In order to be lucky, the captains of the Baja peninsula have survival experiences which are closely coupled to the survival experiences of the fish. In order to understand the fish, they have learned to appreciate the environment from the fish's point of view. Imagine the perception of the world painted on the canvas of a catfish's consciousness. Its eyes are weak and useless in the silt, but its taste buds run from its mouth around the head, and down to the tail. It tastes its way through life, and this unique way of tasting has a lot to do with its survival. If I could taste with my big toe, I'd be less likely to eat liver or other disgusting things that might cause me immeasurable grief. If, in addition, I was blind, I would probably spend more time in cheese shops where just about everything tastes good, and less time in auto repair garages where just about everything tastes bad.
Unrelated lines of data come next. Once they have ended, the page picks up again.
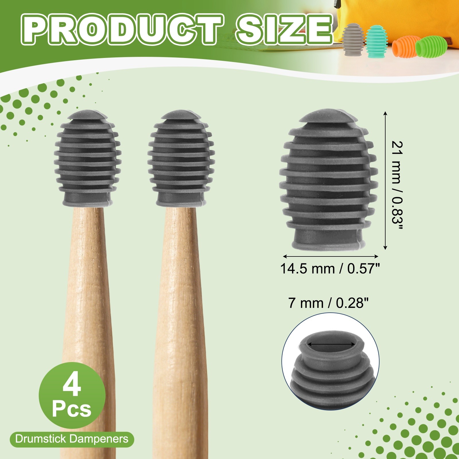 как выглядит 4 Pcs Drumstick Dampeners Grid for Silent Practice Fits 5A Drum Sticks Dark Gray фото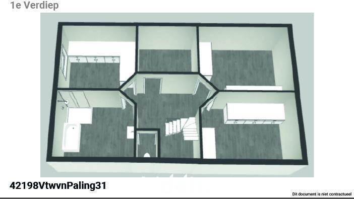 Indeling eerste verdieping: hal, badkamer, twee slaapkamers, bergruimte en bureel.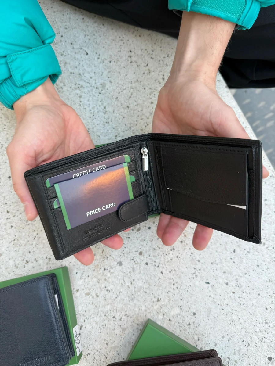 PORTACARTE VERA PELLE CON TASCA ZIP INTERNA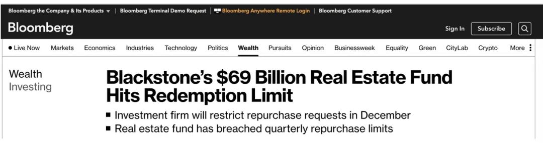 黑石BRIET限制赎回的消息一出之后,大量投资者对于整个地产类基金的风险担忧激增,不仅是黑石,包括喜达屋资本、贝莱德、M&G集团等大量地产类基金这一个月来也都相继进行了赎回限制。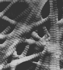 When the triple helix is secreted from the cell (usually by a fibroblast), the globular ends are cleaved off. The resulting linear, insoluble molecules assemble into collagen fibers. They assemble in a staggered pattern that gives rise to the striations seen in this electron micrograph (courtesy of Dr. Jerome Gross). (Type IV collagens are an exception; they form a meshwork rather than striated fibers.)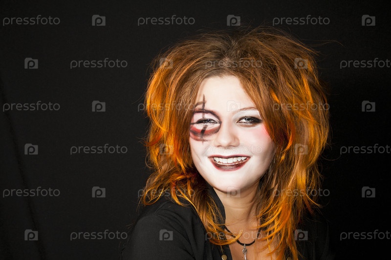 Хэллоуин. Макияж на лице молодой женщины

Suffice it to say that the louvers in the catfish's brain filter out a very different subset of stimuli than my brain does and I must imagine that the projection of the world on the catfish's brain is radically different from the projection of the world on my brain. Due to this radical difference in belief systems, the things that are of great interest to the catfish are likely to pass through my brain totally unnoticed.

The largemouth bass I tried to catch as a kid would have a somewhat different perspective from the catfish's (bass being more sensitive to light and pressure than catfish, and less sensitive to taste). A bass could surely distinguish my night crawler from the night crawler presented by the old man who always caught all of the big fish. I know this because I witnessed that result far too many times. I can't describe that difference in presentation, but if we could talk to the bass, it could attribute the difference in our fishing performance to something besides luck because the bass's brain no doubt left in some critical details about the old man's style that my brain inadvertently filtered out, in spite of me carefully watching him many times, and trying to copy him right down to the nasty hat. I learned a lot from that old man, but the thing I never did learn was how to open my mind to what he was actually doing and how he perceived the world. That will forever be a mystery, and leads us to an important idea that motivates the essays in this collection:

"Luck" is knowing how to shape your mind so that your perception of the world captures the details needed to pursue your intended purpose.
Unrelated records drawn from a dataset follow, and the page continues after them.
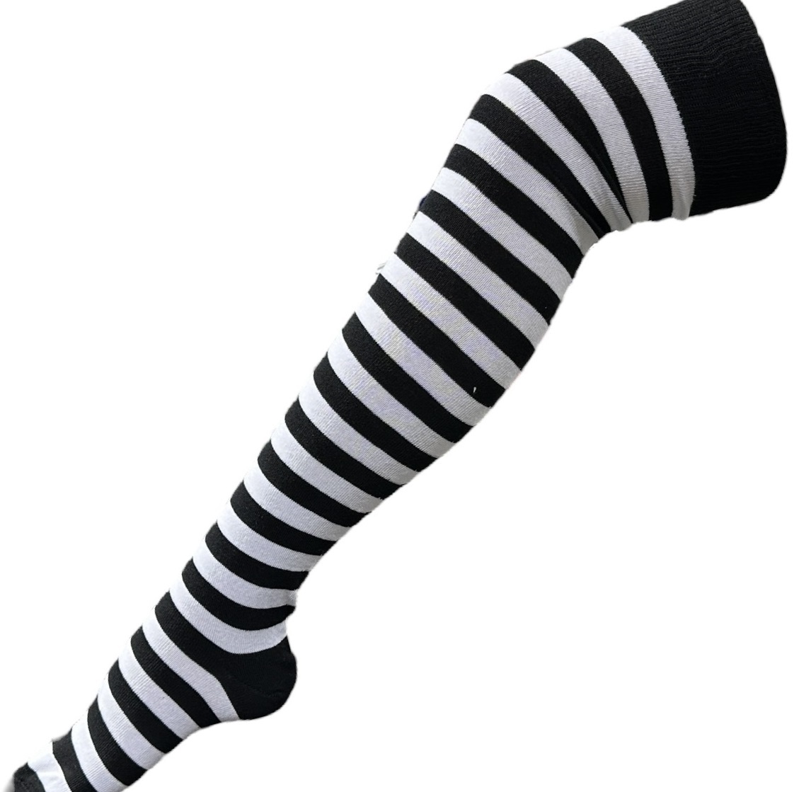Pitkät sukat 38/41 Mustavalkoraita Sukan pituus 50 cm venyttämättömänä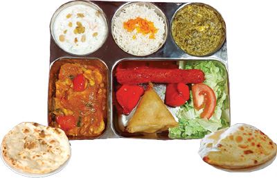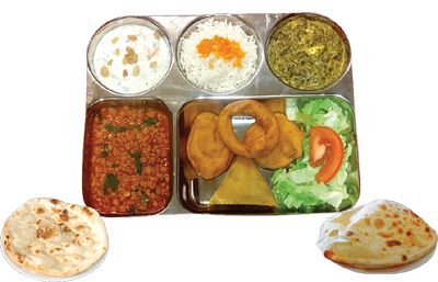 Beignets d’aubergine Beignets de pomme de terre Samosa légumes Raïta Dal makhani et Palak panner + Naan nature + Riz basmati Supplément Naan fromage : + 2,50 € |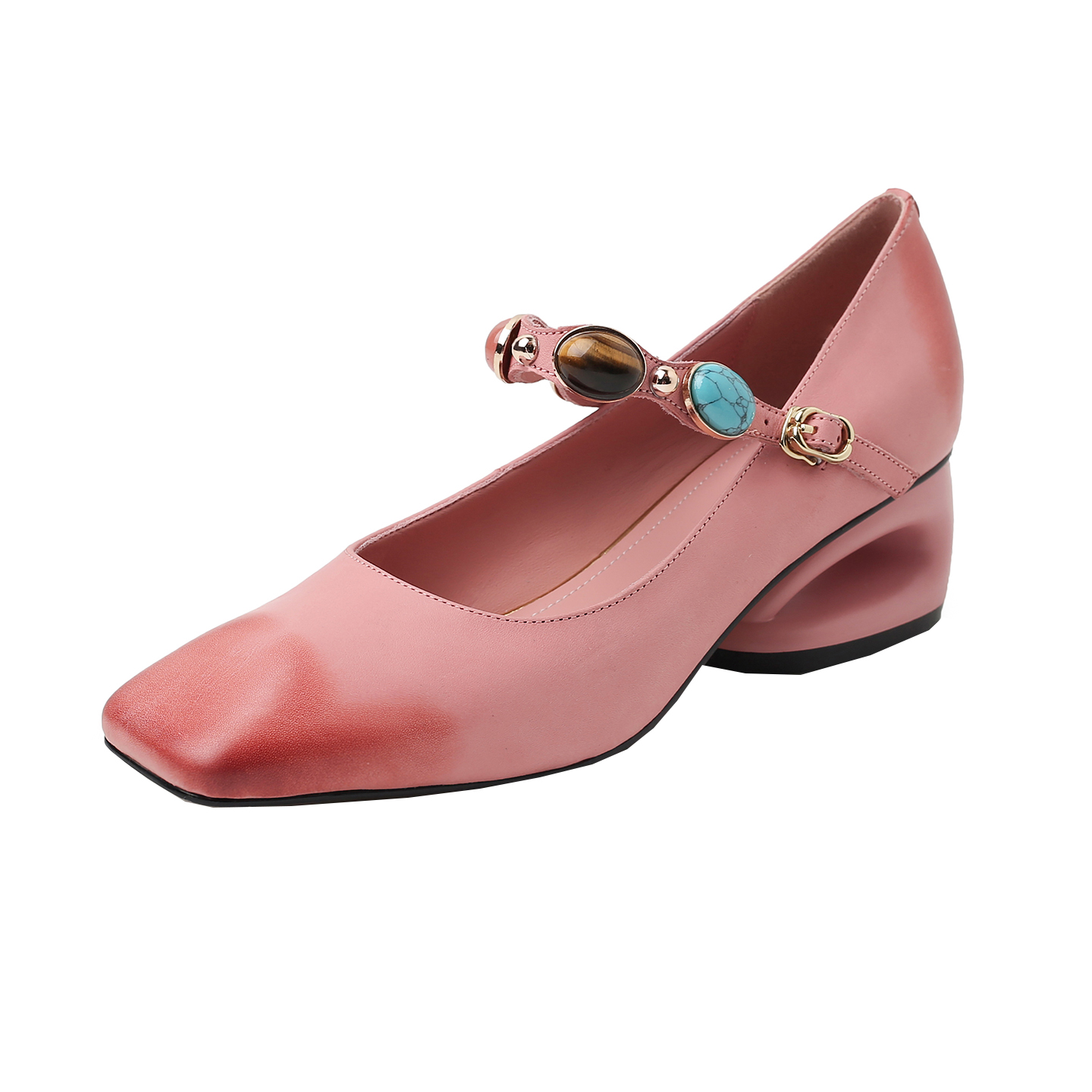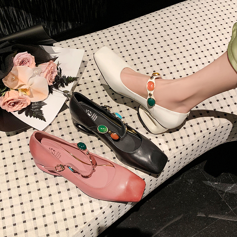 5cm真皮法式复古绝美单鞋女不累脚粗跟配裙气质时尚宝石玛丽珍鞋

Fish stories hold a very special place in our culture. In fact, the expression "fish story" has evolved to mean a story of mythic proportion, one not necessarily having anything to do with fish so long as the story derives from some true origin, but is told in a way that challenges belief, develops moral lessons, and provides entertainment. The best fish stories are strictly factual; someone actually there at the time, confronted by any particular detail from the story would have to say "Yes, of course. That is what happened." And yet the story can still strain belief by the choice of which details to present and by spinning them into a colorful yarn.

In most good fish stories--ones dealing with fish at least--the fish is a key character, no less important than the fisherman and sometimes more important. As often as not, it is the fish, and not the fisherman who prevails. In many such fish stories, neither or both prevail, each challenging the other to better themselves, like an epic western where the sheriff relinquishes his badge and the outlaw gives up his gun.
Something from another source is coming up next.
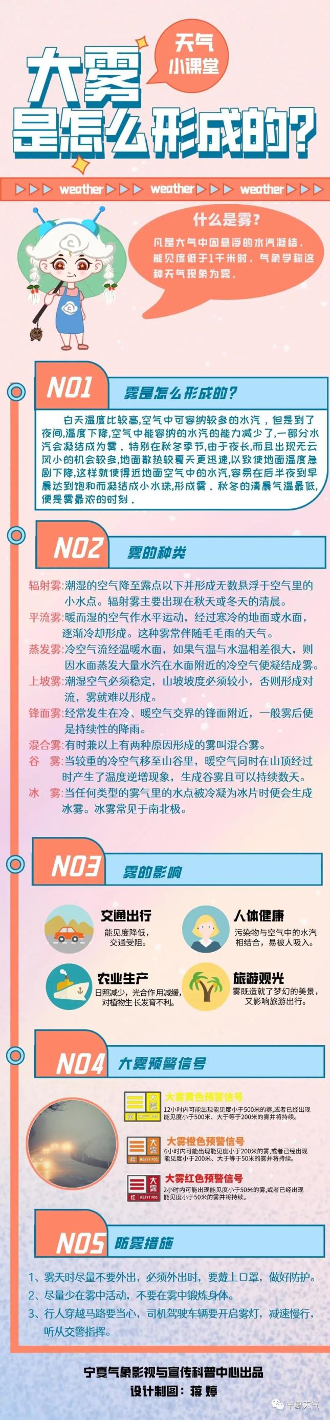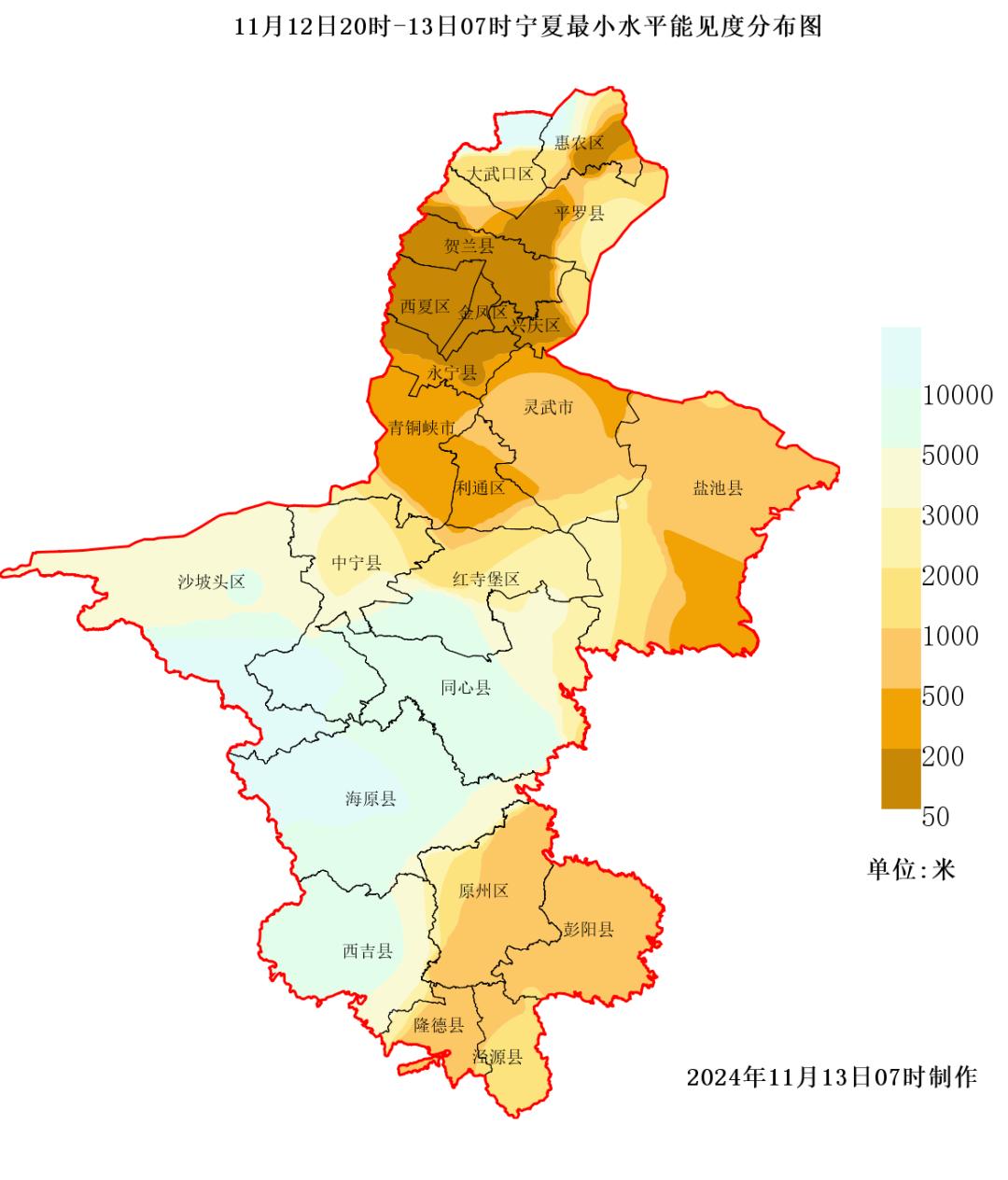 全区普遍出现雾或轻雾(0.1~8千米),其中,银川站、平罗站、惠农站、贺兰站为强浓雾,永宁站、吴忠站、青铜峡站为浓雾,固原站、盐池站、灵武站、隆德站、彭阳站为大雾,其他地区为轻雾,最小能见度出现在银川站为70米。

This is a collection of fish stories, with a common theme of "luck". In places, the stories discuss techniques where the techniques are essential to describing the true origins or are essential to straining the reader's belief. But these stories are not intended to stress technique. Fishing is, at its essence, a struggle between characters--some above the surface and some below--and the technique is incidental, serving only to bring the two closer. These are fish stories about real fish and real fishermen, and I hope that they develop moral lessons while providing genuine entertainment.

    My father with two nice rainbow trout from the
    Little Valley Creek, Salamanca, NY, 1946.